The other thing is that we'd all like to get stickers printed up that say "anaphylaxis-- it's NOT what you think" because most of the time, her life-threatening reactions manifest first with diffuse, sort of hard-to-pin-down cardiovascular symptoms, which are incapacitating in terms of her ability to advocate and self-treat, but not obviously "allergic." Even people who THINK that they know what an allergic reaction looks like are not thinking about an epipen when she looks glassy-eyed and pale-- though that may be the only real warning sign before she collapses and arrests. I know. While well-intended, the more confident adults who are familiar with food allergies are actually the ones that pose the greatest risks to her, because they have to set aside what they "know" and UNLEARN some of it. It's awkward, though, for a child/teen to defy that authority.

We're all about "safe enough" which is mostly about reducing risk to the point where a reaction is only about 10% probable, and such that if one did occur, it would be relatively simple to treat and summon EMS to the location. Many factors impact those things, but basically the ones that elevate risk are-- many independent sources of food, movement + food, crowding + food, remote locations, porous/non-washable shared touch surfaces, and percentage of sloppy eaters (young children top that list). We go nowhere outside of our house-- even just for a walk-- without multiple lot numbers of epinephrine injectors, a charged cellular phone, hand-wipes (for on-the-fly decontamination) and asthma medications.

My child really hasn't ever been to sleep-away camp, to a group banquet, or to a sleepover. She's attended exactly three birthday parties in her life other than her own, and until quite recently, had been on an airplane exactly three times. I didn't drop her off at activities until she was nearly ten years old-- and mature enough to manage her own cellular phone. On the other hand, within a year or so, we would leave her AT HOME ALONE for short periods of time, which seems crazy, right? But she's safer with us or at home than anywhere else. I used to take her to work with me when she was a toddler-- into a lab filled with chemical, biological, and radiological hazards, no less. Still safer than daycare.
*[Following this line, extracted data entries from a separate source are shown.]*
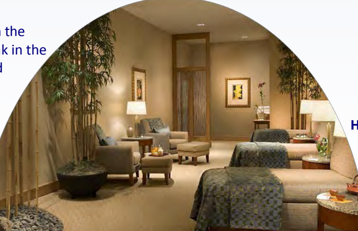
Hours of Operation:

Take a refreshing swim in the outdoor heated pool, soak in the bubbly whirlpool and find your balance in the relaxation area. Stop at Soothies at the Spa for energizing drinks and spa cuisine as you relax and refuel.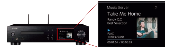
LCD Display with Song Information

* Album artwork may not be available depending on file type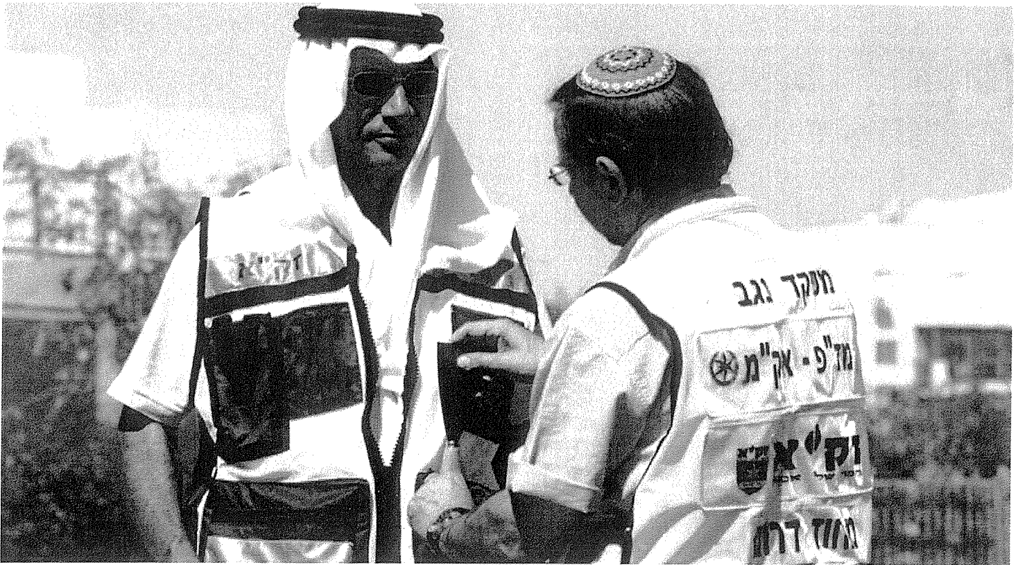
Arab and Jewish ZAKA volunteers in the Negev prepare to rescue victims together.

By Abigail Klein Leichman | SEPTEMBER 1, 2016, 8:30 AM

So I look like a helicopter parent. I know. In our defense, we have nearly lost our daughter several times in her life, and in spite of extensive sleuthing never discovered what exactly went wrong. I, too, have a life-threatening food allergy (to shellfish) and my experience is NOTHING like the limitations on my daughter's life. I manage the way most people do-- avoiding risks in what I eat and not worrying too much otherwise, but carrying epinephrine just the same. I mention that just to note that our seeming over-protectiveness is about empirical data, not 'what if' types of fears, and to reassure anyone reading that I do know what life with a "normal" life-threatening food allergy is like, and how one can live relatively normally, albeit without sushi or paella.

If we'd been that cavalier/reasonable with our DD, she wouldn't be here. We honed our management the hard way. There was a time in her life when every outing was a 50-50 proposition for needing benadryl/inhaled meds to treat mild-to-moderate symptoms. It's still around the 10-20% mark. There is a reason we've responded with hypervigilance, and it has nothing to do with "wanting" to live this way, or with irrational fear-- but with extraordinary circumstances.

Similarly, I have an acquaintance whose younger DD is treated with great care w/r/t communicable illnesses... due to the profound immunosuppression of an older sibling.

All that to say... be careful what you assume when you judge other parents. None of us knows exactly what is behind the behavior we witness. smile


Schrödinger's cat walks into a bar. And doesn't.